For the entries below, the result should be an exact transcription of the lines from the one with "新鮮な鯛は、活き造りとして楽" up to and including the one with "명탐정코난 연재 30주년", and only those.

■ **Available data**
== == ==
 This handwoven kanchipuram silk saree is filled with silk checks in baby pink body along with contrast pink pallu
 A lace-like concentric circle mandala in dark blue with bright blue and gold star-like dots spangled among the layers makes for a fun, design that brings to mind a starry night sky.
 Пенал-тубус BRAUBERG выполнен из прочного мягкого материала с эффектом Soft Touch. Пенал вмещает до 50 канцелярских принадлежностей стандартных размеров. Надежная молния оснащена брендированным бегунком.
== == ==
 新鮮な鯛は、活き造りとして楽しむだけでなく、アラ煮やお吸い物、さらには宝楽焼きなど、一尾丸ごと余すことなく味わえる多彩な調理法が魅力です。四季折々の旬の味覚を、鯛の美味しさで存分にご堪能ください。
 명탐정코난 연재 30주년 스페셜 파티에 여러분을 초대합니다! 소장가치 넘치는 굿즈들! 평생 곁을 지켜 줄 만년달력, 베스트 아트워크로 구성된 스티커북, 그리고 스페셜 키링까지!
== == ==
■ **Answer section**
 新鮮な鯛は、活き造りとして楽しむだけでなく、アラ煮やお吸い物、さらには宝楽焼きなど、一尾丸ごと余すことなく味わえる多彩な調理法が魅力です。四季折々の旬の味覚を、鯛の美味しさで存分にご堪能ください。
 명탐정코난 연재 30주년 스페셜 파티에 여러분을 초대합니다! 소장가치 넘치는 굿즈들! 평생 곁을 지켜 줄 만년달력, 베스트 아트워크로 구성된 스티커북, 그리고 스페셜 키링까지!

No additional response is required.